"Sherry with the soup? Yes... oh, by the way, the same procedure as last year, Miss Sophie?"
"Same procedure as every year, James."
This recipe comes from the Gluten-Free Goddess. If you are looking for vegan recipes, she is a good source. Her blog is organized with a capital O. I love her. I am determined to make her gluten-free bread. So far, I am not getting just the right mix for my climate and oven. But stay tuned. I'm ready for a sandwich. Can't have a sandwich, a real one, without a good gluten-free light, airy bread. She tells me that I have to throw out everything I ever knew about baking. Since I know very little about the science of baking, it cleared out little space in my brain. Here is Mulligatawny Soup from Karina Allrich:
This first time I made Mulligatawny Soup it was a novelty. 1979 it was. One and Two were just 3 and 5 years old. I can't remember if they raved about it, I suspect not, but I had fun making it. Whoever heard of apples in a soup? I was intrigued. The 1979 recipe came from a calendar my sister had given me for Christmas. It had a chicken base and different vegetables and spices, but similar. The little note on the calendar about the soup said it is a recipe the British and Scottish soldiers, who had been serving in India, brought home to their own homeland.
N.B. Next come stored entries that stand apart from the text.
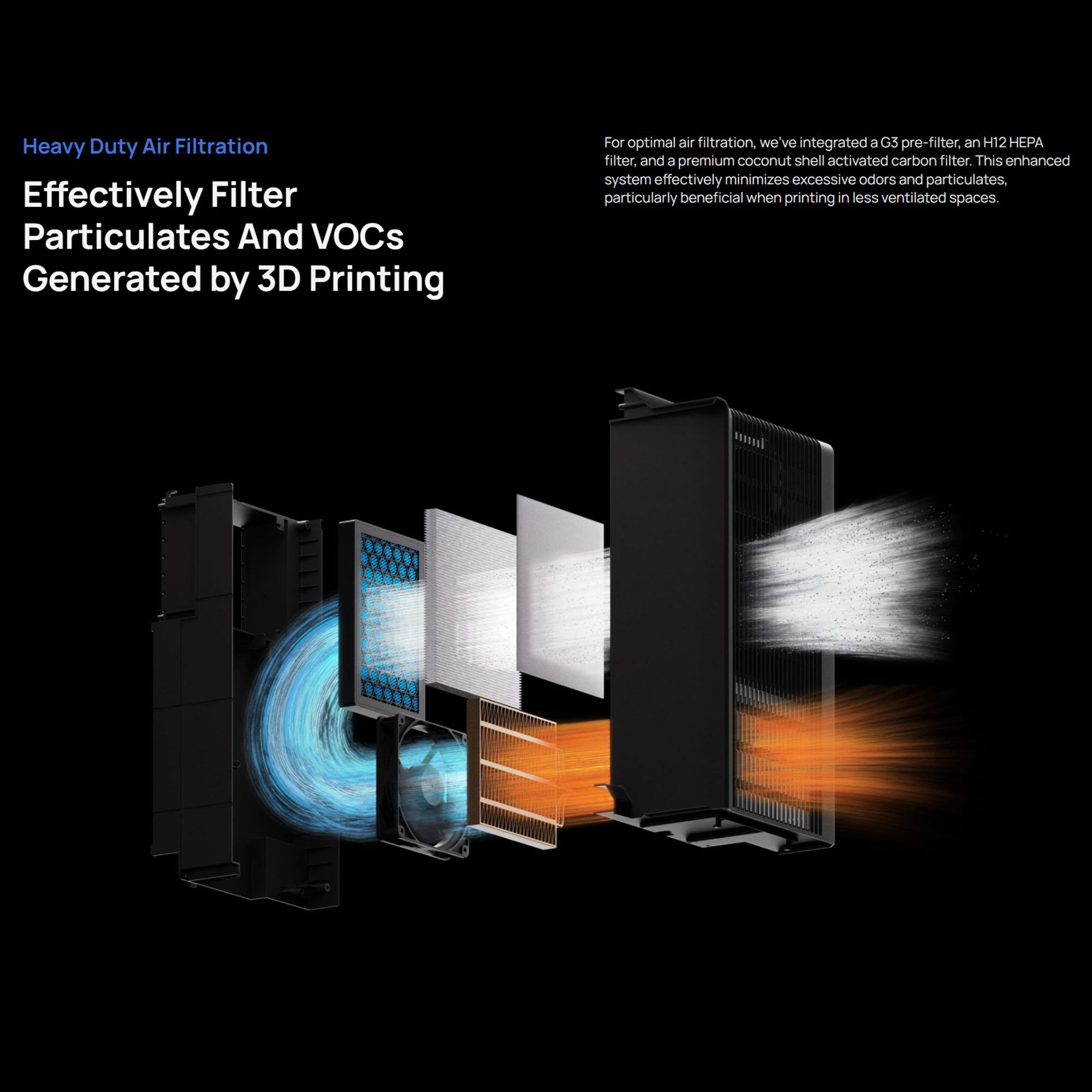 The H2D PRO ensures a safe and healthy workspace with multi-stage filtration (G3 pre-filter, H12 HEPA, activated carbon) to remove particulates and VOCs. An emergency stop button and five flame sensors with AI-powered fire detection provide peace of mind during operation.
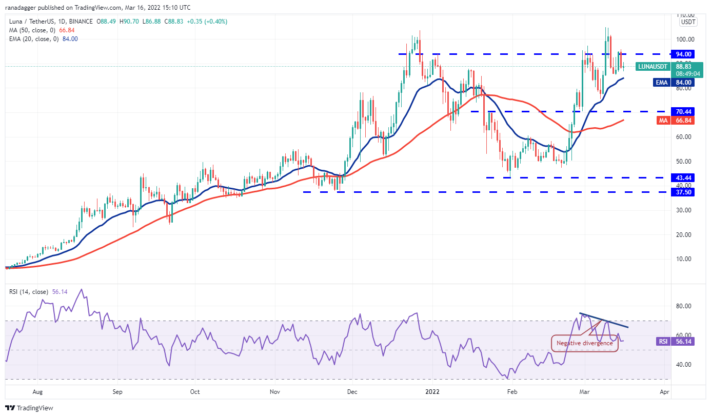 Terra’s LUNA token broke above the overhead resistance at $94 on March 14 but the bulls could not sustain the higher levels. The bears pulled the price back below $94 on March 15.
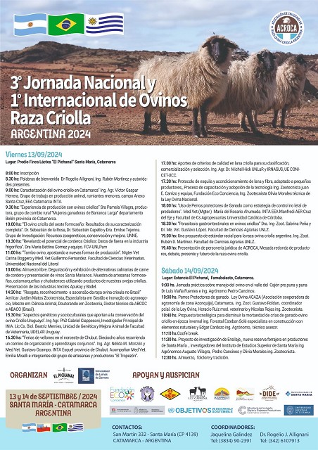 El 13 y 14 de septiembre se realizará la Tercera Jornada Nacional y la Primera Internacional de la raza Ovina Criolla en la localidad de Santa María de la provincia de Catamarca, con el fin de analizar todo el potencial de las ovejas criollas.
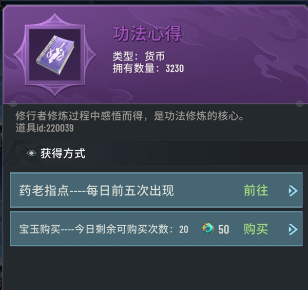 功法心得:用于提升功法等级,可通过每日“药老指点”任务及宝玉商城购买获得。
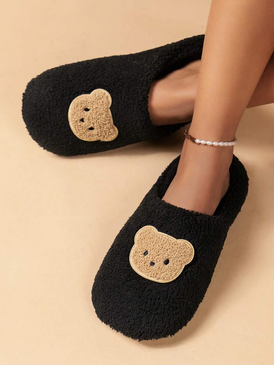 Bear Patch Decor Fuzzy Bedroom Slippers
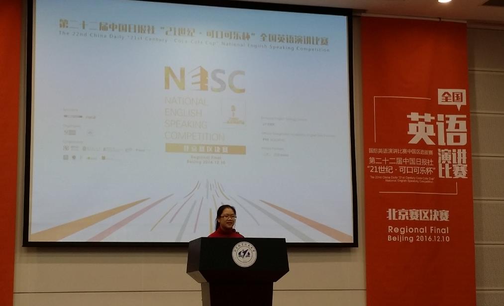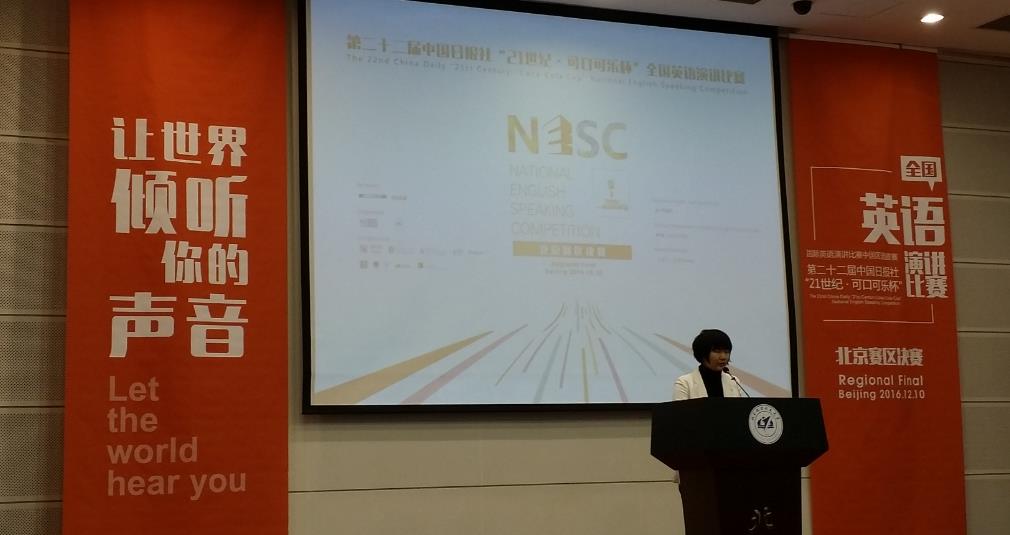 第22届中国日报社“21世纪·可口可乐杯”全国英语演讲比赛北京赛区决赛于2012年12月10日在北京航空航天大学举行。本次大赛的题目是“人与科技:勇敢新世界”(Man and Technology: The Brave New World)。来自北京市多所高校共35名选手参加了比赛。
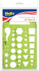 General Purpose Drawing Template is perfect for technical drawing, drafting, geometry class, general drawing and more! 41 total shapes are stamped into the template body including equilateral triangles, hexagons, squares, circles, arrows, a star and a 180° protractor. All cutouts feature centering line and are designed with a 0.5mm pencil allowance to guarantee shape size. Durable, translucent & flexible plastic template feature ink risers on reverse side to prevent smudging. Dimensions: 5 1/2‘‘ x 9 1/2‘‘

I'm sure Curry was an adventure for them.
A note: if you watch the food network you know that Rachel Ray always has a waste bowl handy. This is a good time to think about that. I have a compost bin and today's recipe made a nice contribution of veggie scrapes for the bin. And take Alton Brown's advice and read through the recipe and gather EVERYTHING before you start. It is common sense I suppose, but I have to remind myself everyday that that little effort makes all the difference.
3 Tbls olive oil
2-3 tsp curry power
1 tsp cumin
1/4-1/2 tsp cayenne pepper
1 med sweet onion, peeled, diced
5 cloves garlic
2 med carrots, scrubbed and diced
1 cup cauliflower florets, chopped
2 large Granny Smith apples, peeled, cored and diced
1 med sweet potato, peeled and diced
2 heaping Cups thinly shredded cabbage
1 qt vegetable broth
14 oz can tomatoes with juice
14 oz can chick peas, drained
salt to taste
14 oz can coconut milk, stirred
juice of 1 med lime
1 tsp agave nectar or brown sugar
Get everything ready. Measure the spices, do all the chopping and can opening in advance and the whole thing is a breeze to make. The Coconut milk and the lime and the sugar are added after the vegetables are tender. Think about a garnish. This soup is not beautiful. I curled some carrot and added a bit of parsley for aesthetics.
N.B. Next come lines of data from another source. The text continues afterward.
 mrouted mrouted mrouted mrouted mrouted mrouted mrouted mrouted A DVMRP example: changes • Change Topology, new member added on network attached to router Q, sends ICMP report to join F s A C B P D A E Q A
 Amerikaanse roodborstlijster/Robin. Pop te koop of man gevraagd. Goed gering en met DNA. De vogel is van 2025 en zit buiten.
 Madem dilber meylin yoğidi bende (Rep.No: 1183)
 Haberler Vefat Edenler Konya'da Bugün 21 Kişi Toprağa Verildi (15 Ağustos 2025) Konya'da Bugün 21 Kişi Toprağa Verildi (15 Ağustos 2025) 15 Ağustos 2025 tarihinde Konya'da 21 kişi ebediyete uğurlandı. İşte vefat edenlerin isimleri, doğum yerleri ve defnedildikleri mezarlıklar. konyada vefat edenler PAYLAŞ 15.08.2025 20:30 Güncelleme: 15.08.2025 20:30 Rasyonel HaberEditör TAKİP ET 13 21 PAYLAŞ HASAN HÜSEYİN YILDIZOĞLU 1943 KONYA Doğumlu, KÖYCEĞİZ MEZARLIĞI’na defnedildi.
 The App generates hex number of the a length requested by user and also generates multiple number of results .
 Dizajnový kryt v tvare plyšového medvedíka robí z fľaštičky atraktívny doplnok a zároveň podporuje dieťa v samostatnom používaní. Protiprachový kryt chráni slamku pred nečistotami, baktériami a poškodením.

Heat the olive oil over medium high heat in a 4 quart pot. Add the curry, cumin and cayenne and stir for 1 minute. Savor the fragrance.
Add the onion, garlic, carrots, cauliflower, apples, sweet potato and cabbage, and saute until softened, 7 to 10 minutes. Stir in the broth, tomatoes and chick peas; season with salt as needed. Bring to a boil and reduce heat, cover and simmer the soup, stirring occasionally, until vegetables are tender, about 20 to 30 minutes.
Add the coconut milk, lime juice and sugar. Stir well. Taste for seasoning adjustments. (NO double dipping with the tasting spoon.) Heat through gently; don't boil.
This is my note. The soup needs garnishing to appeal to your guests. And in spite of all those vegetables, I felt that it wouldn't be right to serve without a salad. Something green. And after curry, a fresh pear for dessert would be nice, to clean the palette.